# Specific 3D Printers, Scanners, & Hardware > MakerBot Forum >  MakerBot Patent to Print LARGE objects - Very Interesting

## Brian_Krassenstein

One of the more frustrating parts of 3D printing at home is the limited size that one can print objects at.  Most cheap printers, under $3000 can't print objects over 12 inches in any direction (and that's only a few printers on the market).  Sure they are great for printing many things, but what about when you want to print something a bit larger, or even much larger?

Makerbot has recently filed an interesting patent which is described here in more detail:  http://3dprint.com/2871/makerbot-build-volume-patent/ 
Basically what the patent is for, is to create a printing process via a software, where the software determines how to break up each large print into several prints on one machine or several machines.  It then adds weld points or other ways to connects the parts to the printed models.  

Here is a image from the patent.  Seems pretty interesting.  What are your thoughts?

----------


## Mjolinor

Hmm, how novel, putting smaller things together to make bigger things. If only Lego or chimney sweep brush makers or bridge builders or house makers had thought of it before them. Oh, wait, they did.

----------


## DrLuigi

No idea why you would patent something basic like this tho.
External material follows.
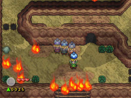 The situation is however much more dire, as much of the mountainous terrain is blocked by swaths of flames created by Shadow Link. They can be extinguished with jars of water found in caves.[3]

Makerbot must have a allergic reaction against just letting some things opensource i guess.

----------


## bringho

Fortunately patents like this would not even be considered in the rest of the world as far as I know.

----------


## Jef_Lord

OMG ! It's a revolution Makerbot just patented ... one of the most used method by Makers since cavegage...  :Confused: 

Even Kinematics didn't dare it.

 :Roll Eyes (Sarcastic):

----------


## Roxy

My guess is they are going to run into 'Prior Art' considerations.   I didn't do this because my part was too big but I did do a very similar thing so I could print it and have access to paint and view the inside of my 'artificial lung' for a school project. It is likely somebody has done this exact thing already because of size constraints. We will have review the claims on this patent.    But my bet is they have a hard time defending this patent if it gets granted:


photo 9.jpg

----------


## Dragons_Blood

Would this infringe upon Lego patents?

----------


## Feign

Some things ought to get you banned for trolling from the Patent Office.

Patenting the concept of "assembly" ought to be one of those things.

----------


## DrLuigi

Well i guess i can say now that Makerbot is our Apple in the 3D printing industry.

I knew it for a long time but that just proves it,

Oh well.. You will always have such companys i guess.

I wonder if they would actualy opensource something one day.

----------


## curious aardvark

there's a few openscad scripts that break down large parts into smaller and add customisable connectors. 
Patenting something as basic as gluing or clipping small things together. Means you can sue everybody else who already does it. 

Makerbot have gone a long way down the road to hell since they were bought by stratasys, while still pretending to be this user friendly company. 

I'm currently designing small interlockable cups for 3d noughts and crosses (tic tac toe). We played a game with an empty biscuit holder at christmas. So much fun I'm going to make my own kits :-) 
Wonder if I should ask makerbot for permission first ? 
Nah.

----------


## hobbes

hi, new guy here.

I really don't see any significance to such patent. It's like patenting a fork with 3 prongs, even though you can easily find ones with 4 prongs.

Whenever i want to print something bigger than the build area and the part has to be strong enough to support weight, i will split the part and implement the appropriate indentations.
Alternatively i'll just screw in or glue non printed support beams such as wood or metal tubing.

----------